The researchers were also excited to see many examples of intense, short-lived gamma-ray bursts from the same storms. Some of them looked precisely like those originally detected by NASA satellites. These almost always occurred in conjunction with an active lightning discharge.

This suggests that the large electric field created by lightning likely overcharges the already high-energy electrons, allowing them to create high-energy nuclear reactions.

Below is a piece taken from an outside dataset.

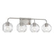 The Baldwin 4-light bath vanity light brings a unique geometric appeal to bathrooms with its clear seeded glass shades that are molded into octagonal facets. These bold shades take center stage and pair nicely with the satin nickel finish. Baldwin is 9.5" in height, 32" in width and extends 7.5" from the wall. It uses 4 standard size bulbs of up to 60 watts per bulb (bulbs not included).

But there were also at least two other types of short bursts of gamma radiation that had never been observed before. One type is incredibly short, less than a thousandth of a second, while the other is a sequence of about 10 individual bursts that repeat over a duration of about a tenth of a second.

“These two new forms of gamma radiation are what I find most interesting,” Cummer said. “They do not appear to be associated with the development of lightning. They emerge spontaneously in one way or another. The data suggests that they may in fact be linked to the processes that trigger lightning, which still remains a mystery to scientists. scientists.”

If there’s anyone worried about being turned into the Hulk by all that gamma radiation, Cummer added, they shouldn’t be. The amount of radiation produced would only be dangerous if a person or object was quite close to the original source.

“Radiation would be the least of your problems if you were there. Planes avoid flying into active storm cores because of the turbulence and extreme winds,” Cummer said. “Even knowing what we know now, I don’t worry about flying any more than I did before.”